Date: Wed Jun 10 2026 - 07:08:17 EST


On 4 Jun 2026, Jakub Kicinski wrote:

> net: atlantic: add AQC113 PTP hardware ops in hw_atl2
>
> This patch wires the AQC113 (Antigua) PTP hardware ops into hw_atl2:
> TSG clock setup/adjust, PTP ring init, TX timestamp readback from
> descriptor writeback, RX timestamp extraction from packet trailer, and
> GPIO pulse / PPS output. It also reduces HW_ATL2_RXBUF_MAX from 192 to
> 172.
>
> [Low]
> On the commit message itself, a couple of descriptions look like they
> do not quite match the code that landed in this patch:
>
> - hw_atl2.h/hw_atl2_utils.h/hw_atl2_internal.h: export PTP function
> prototypes, per-instance aq_ptp_offset arrays, RX timestamp size
>
> Every new hw_atl2 PTP function is static in hw_atl2.c and is reached
> only through hw_atl2_ops, so are any prototypes actually being exported
> from the headers? The new HW_ATL2_PTP_OFFSET_* additions in hw_atl2.h
> are also individual scalar #defines, not arrays — should the wording be
> adjusted?
>
> - hw_atl2.c: implement hw_atl2_enable_ptp() to program TSG clocks,
> PTP TC receive path and filter ART entries, and re-enable PTP
> state after hardware reset.
>
> The hw_atl2_enable_ptp() body only resets/enables the TSG clocks,
> optionally calls hw_atl2_adj_clock_freq(), and toggles
> hw_atl2_tpb_tps_highest_priority_tc_enable_set(). Is the "PTP TC
> receive path and filter ART entries" claim describing this patch, or
> work that lives in another patch in the series?
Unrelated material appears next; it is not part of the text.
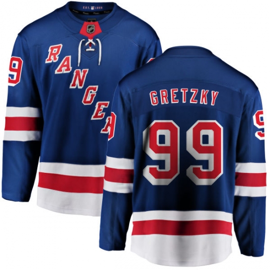 Home>NHL>New York Rangers>Wayne Gretzky>Youth New York Rangers #99 Wayne Gretzky Fanatics Branded Royal Blue Home Breakaway NHL Jersey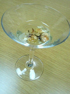 例えば、バラの花をシロップ漬けにしたもんをシャンパングラスに入れ、そこにシャンパンを注ぐと炭酸と共にバラの花が開きもって浮かんでくるっちゅうんがあるがやと。花茶をカクテルグラスにいれるがやったら、例えばそういう演出があったらドキドキして面白いっちゅうがやき。

Both descriptions have been corrected in v5:

- The header bullet now reads "add PTP offset constants, RX timestamp
size (HW_ATL2_RX_TS_SIZE=8), and reduced HW_ATL2_RXBUF_MAX=172" - no
mention of exported prototypes or arrays.
- The hw_atl2_enable_ptp() bullet now reads "reset and enable TSG clocks and
set PTP TC scheduling priority after hardware reset" - accurately reflecting what
the function does.

> diff --git a/drivers/net/ethernet/aquantia/atlantic/hw_atl2/hw_atl2.c b/drivers/net/ethernet/aquantia/atlantic/hw_atl2/hw_atl2.c
> index 6d9ec4072d43..e94627c36163 100644
> --- a/drivers/net/ethernet/aquantia/atlantic/hw_atl2/hw_atl2.c
> +++ b/drivers/net/ethernet/aquantia/atlantic/hw_atl2/hw_atl2.c
>
> [ ... ]
>
> @@ -127,6 +137,7 @@ static u32 hw_atl2_sem_act_rslvr_get(struct aq_hw_s *self)
> static int hw_atl2_hw_reset(struct aq_hw_s *self)
> {
> struct hw_atl2_priv *priv = self->priv;
> + s8 clk_sel;
> int err;
> int i;
>
> @@ -144,6 +155,13 @@ static int hw_atl2_hw_reset(struct aq_hw_s *self)
> priv->l3l4_filters[i].l4_index = -1;
> }
>
> + clk_sel = READ_ONCE(self->clk_select);
> + if (clk_sel != -1)
> + hw_atl2_enable_ptp(self,
> + clk_sel,
> + aq_utils_obj_test(&self->flags, AQ_HW_PTP_AVAILABLE) ?
> + 1 : 0);
> +
>
> [Medium]
> Where is self->clk_select initialised to -1?
>
> struct aq_hw_s is allocated through kzalloc_obj() in aq_pci_func.c, so
> clk_select starts as 0, and 0 is also a valid clock index
> (ATL_TSG_CLOCK_SEL_0). On the very first aq_nic_init()->hw_reset()
> the test:
>
> if (clk_sel != -1)
> hw_atl2_enable_ptp(self, clk_sel, ...);
>
> evaluates true with clk_sel == 0, and AQ_HW_PTP_AVAILABLE is not set
> yet at this point in the series (aq_ptp_init() in this tree only sets
> it for the a1 PTP path), so hw_atl2_enable_ptp(self, 0, 0) gets
> unconditionally called for every hw_atl2 chip including aqc115c and
> aqc116c.
>
> That call then does:
>
> hw_atl2_tsg_clock_reset(self, 0);
> hw_atl2_tsg_clock_en(self, 1, 0);
> hw_atl2_tsg_clock_en(self, 0, 0);
> hw_atl2_tpb_tps_highest_priority_tc_enable_set(self, 0);
>
> on parts that may have no PTP setup at all. Should the -1 sentinel
> initialisation that lives in a later patch in the series be folded
> into this commit so each commit is self-contained for bisection?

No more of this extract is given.